--- RAW DATA ---
★ ★ ★ ★ ★
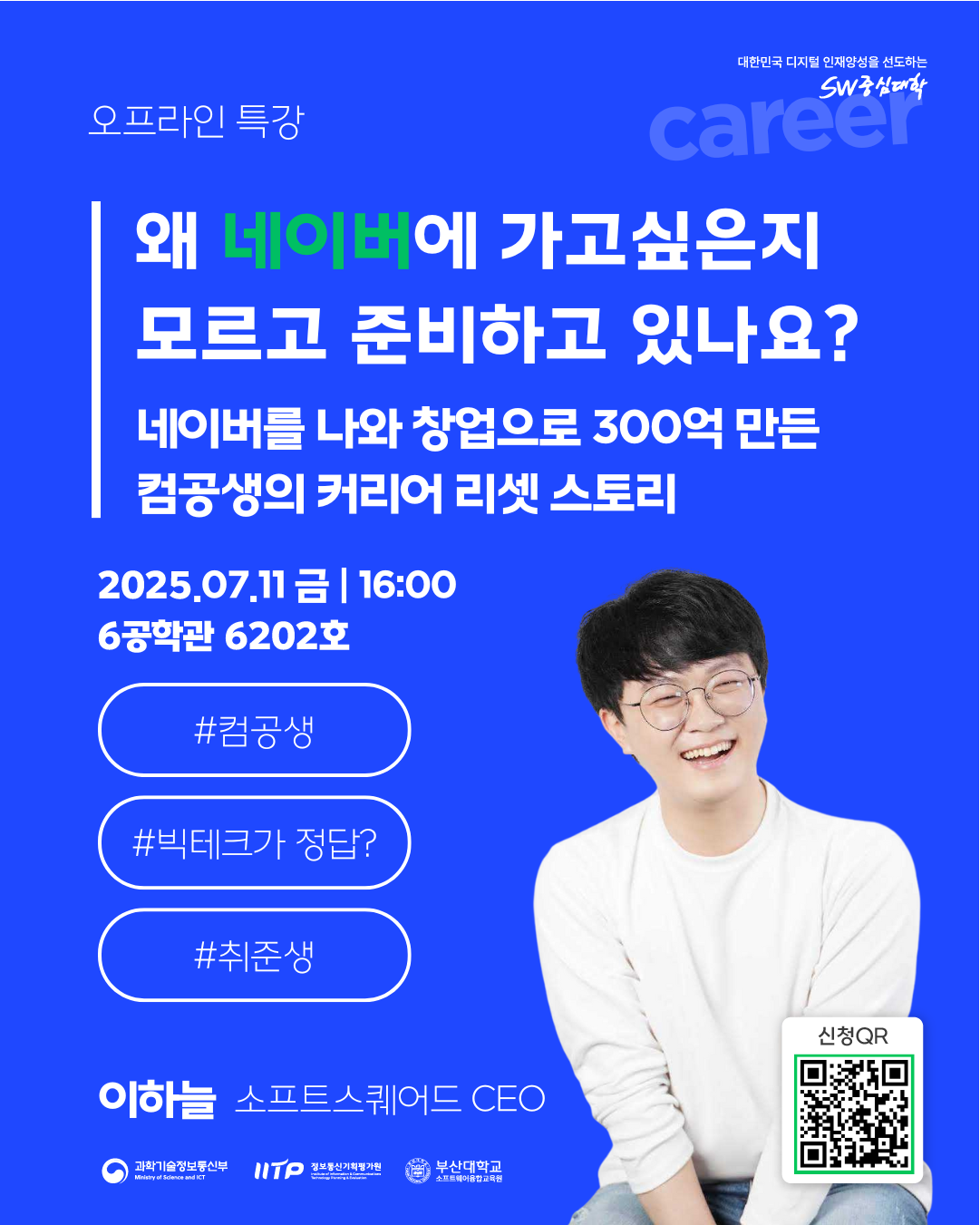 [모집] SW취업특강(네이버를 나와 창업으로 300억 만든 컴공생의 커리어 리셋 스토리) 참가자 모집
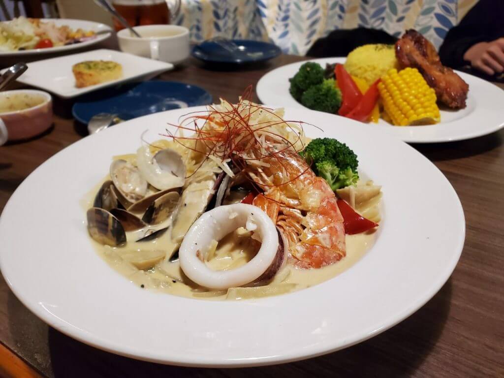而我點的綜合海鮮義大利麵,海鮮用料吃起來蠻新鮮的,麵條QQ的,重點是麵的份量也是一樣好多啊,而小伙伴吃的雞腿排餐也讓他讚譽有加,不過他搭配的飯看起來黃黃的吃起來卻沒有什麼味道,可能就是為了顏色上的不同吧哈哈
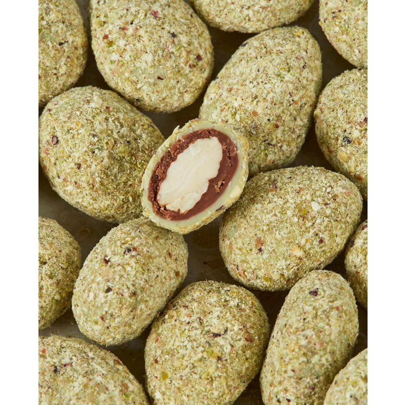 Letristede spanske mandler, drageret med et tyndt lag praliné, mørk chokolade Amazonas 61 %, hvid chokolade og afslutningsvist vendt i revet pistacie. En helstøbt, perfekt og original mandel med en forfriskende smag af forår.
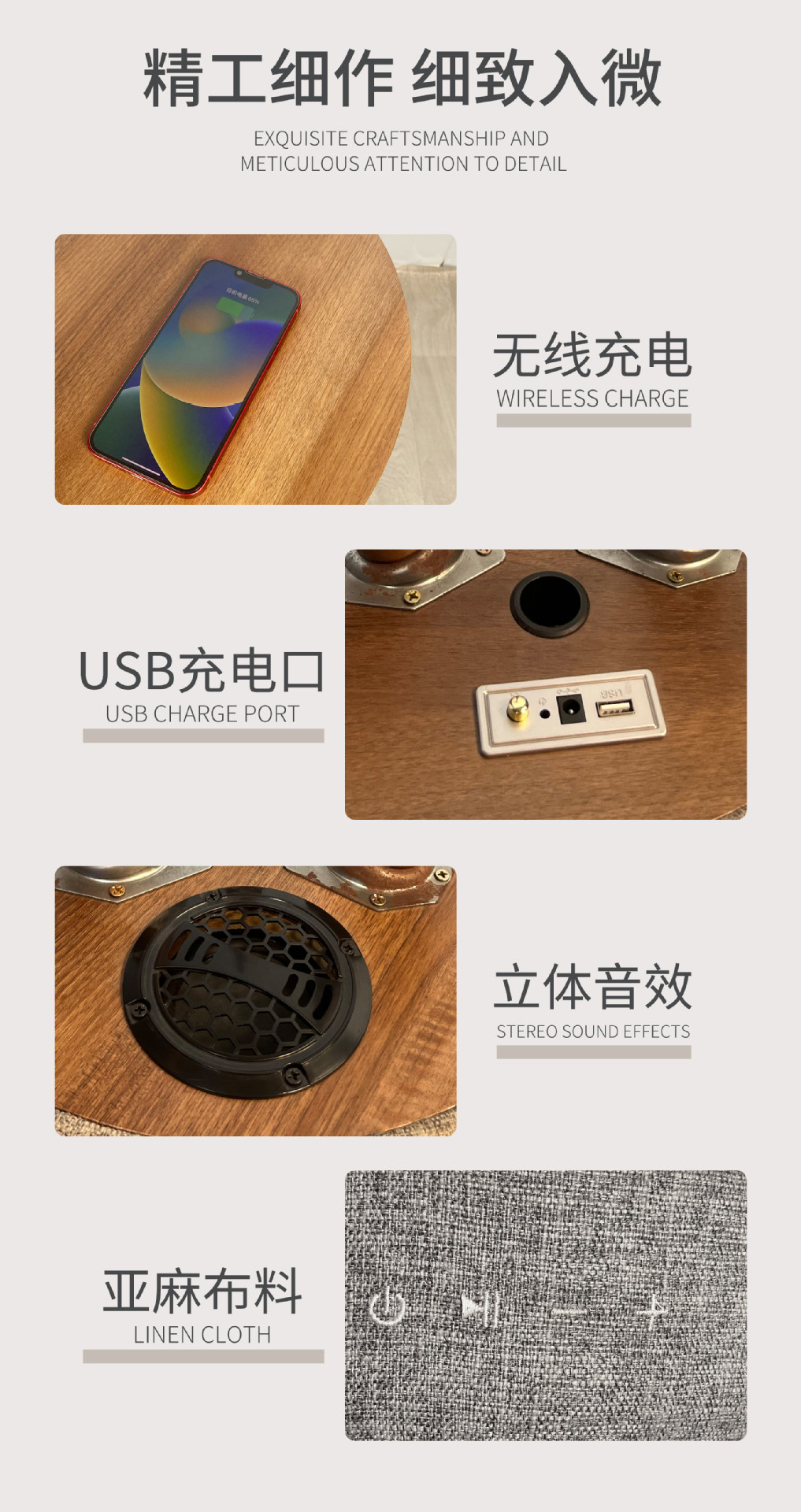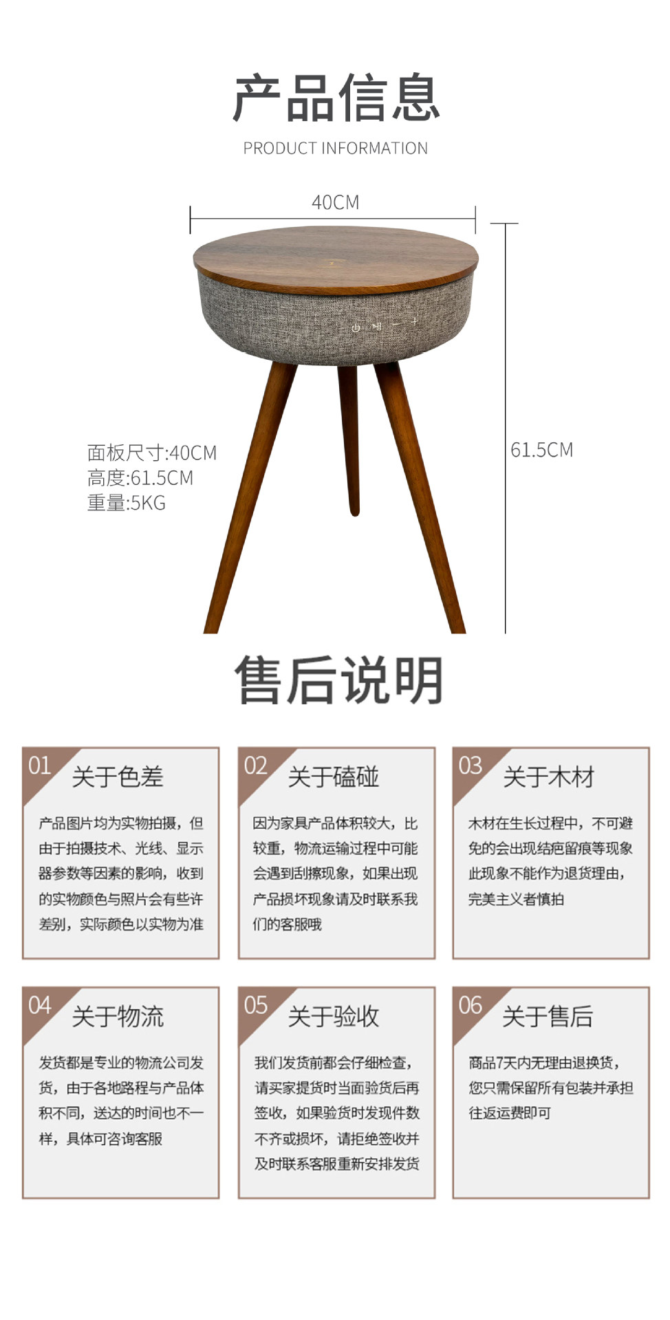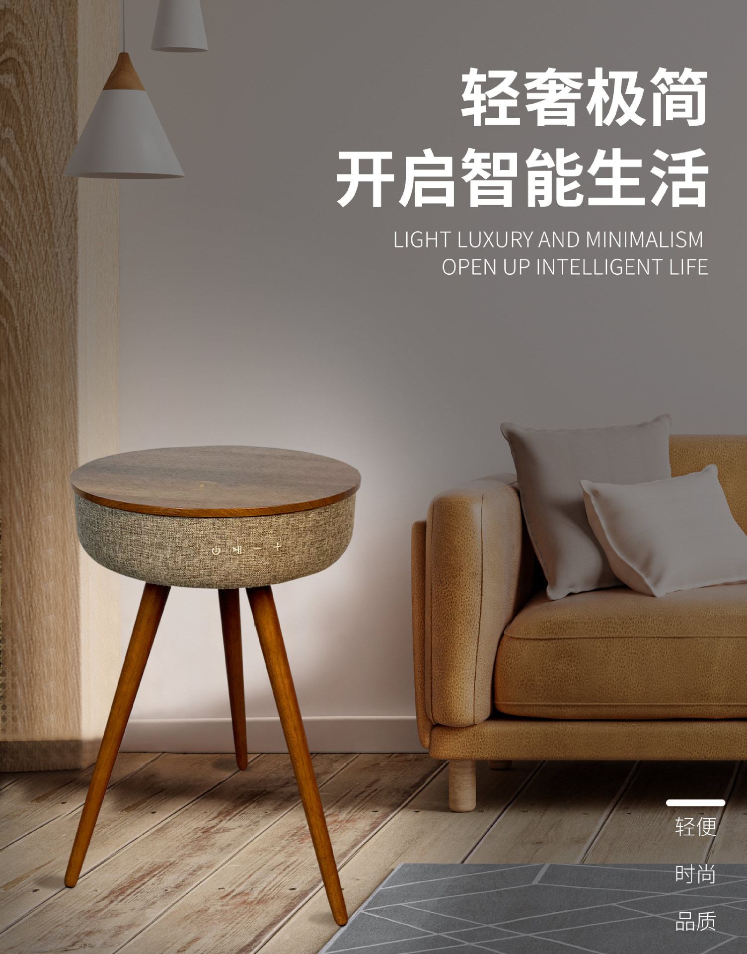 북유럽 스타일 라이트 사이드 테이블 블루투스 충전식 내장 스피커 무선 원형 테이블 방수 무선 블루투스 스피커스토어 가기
★ ★ ★ ★ ★
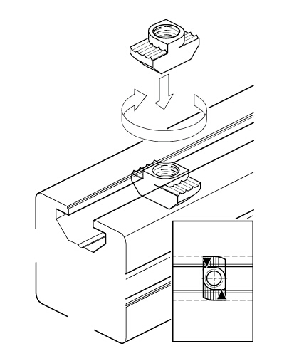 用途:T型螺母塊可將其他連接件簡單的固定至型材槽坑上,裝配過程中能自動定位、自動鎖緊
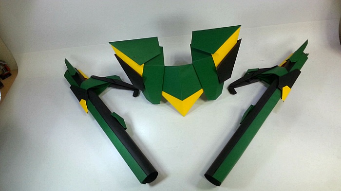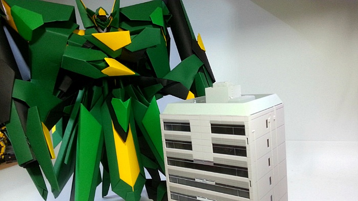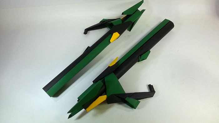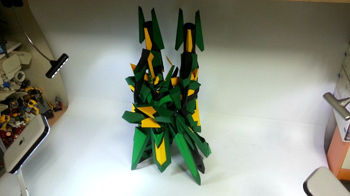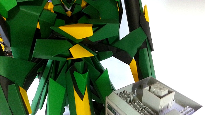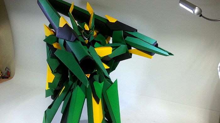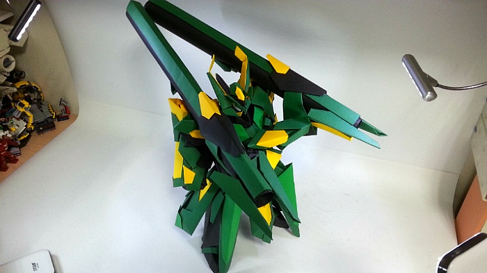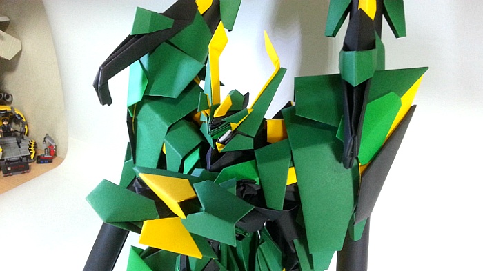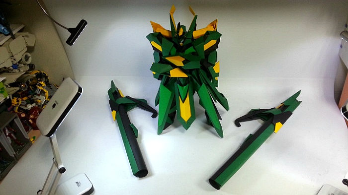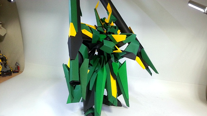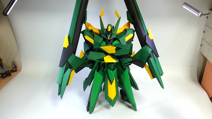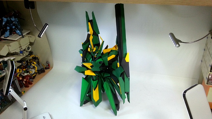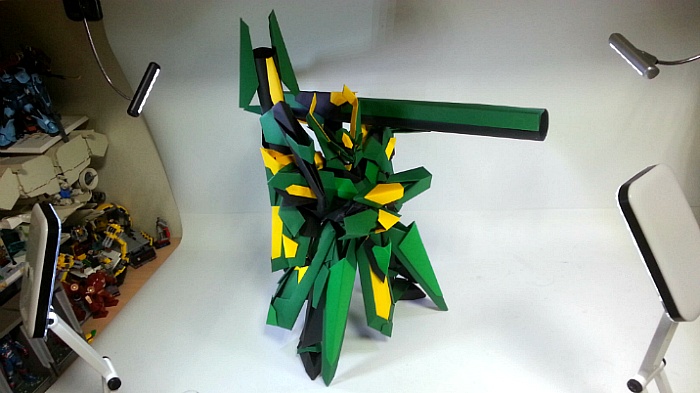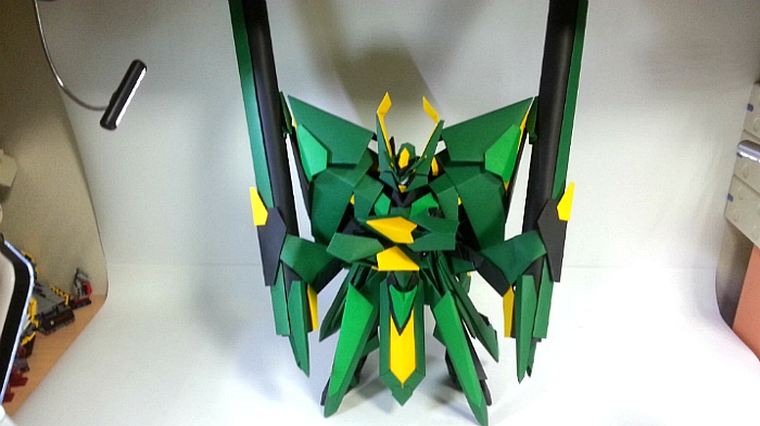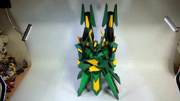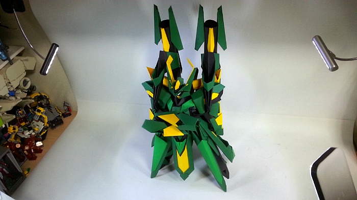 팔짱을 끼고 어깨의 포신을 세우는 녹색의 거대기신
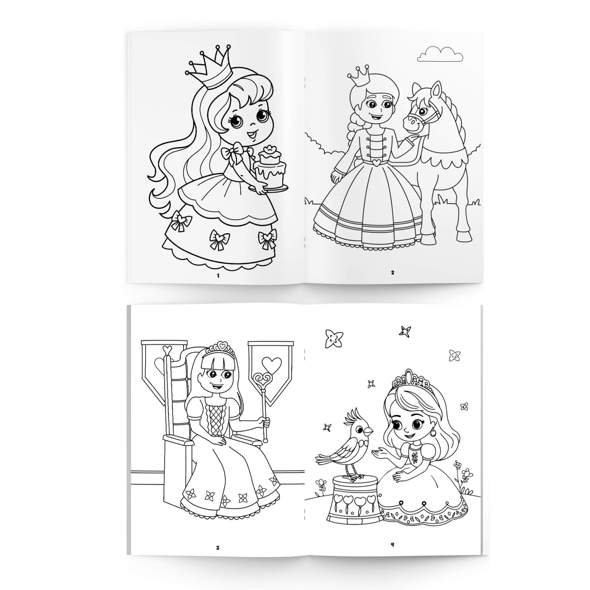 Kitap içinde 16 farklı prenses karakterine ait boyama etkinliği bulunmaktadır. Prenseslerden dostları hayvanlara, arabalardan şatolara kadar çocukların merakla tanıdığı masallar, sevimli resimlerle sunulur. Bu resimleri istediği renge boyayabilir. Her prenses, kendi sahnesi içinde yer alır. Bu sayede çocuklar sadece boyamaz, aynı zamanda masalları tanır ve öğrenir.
★ ★ ★ ★ ★
--- WHAT IS EXPECTED ---
After locating "Letristede spanske mandler, drageret" and "북유럽 스타일 라이트" in the records above, return exactly the line holding each one and every line between them; leave out the pictures.

--- WRITTEN ANSWER ---
 Letristede spanske mandler, drageret med et tyndt lag praliné, mørk chokolade Amazonas 61 %, hvid chokolade og afslutningsvist vendt i revet pistacie. En helstøbt, perfekt og original mandel med en forfriskende smag af forår.
 북유럽 스타일 라이트 사이드 테이블 블루투스 충전식 내장 스피커 무선 원형 테이블 방수 무선 블루투스 스피커스토어 가기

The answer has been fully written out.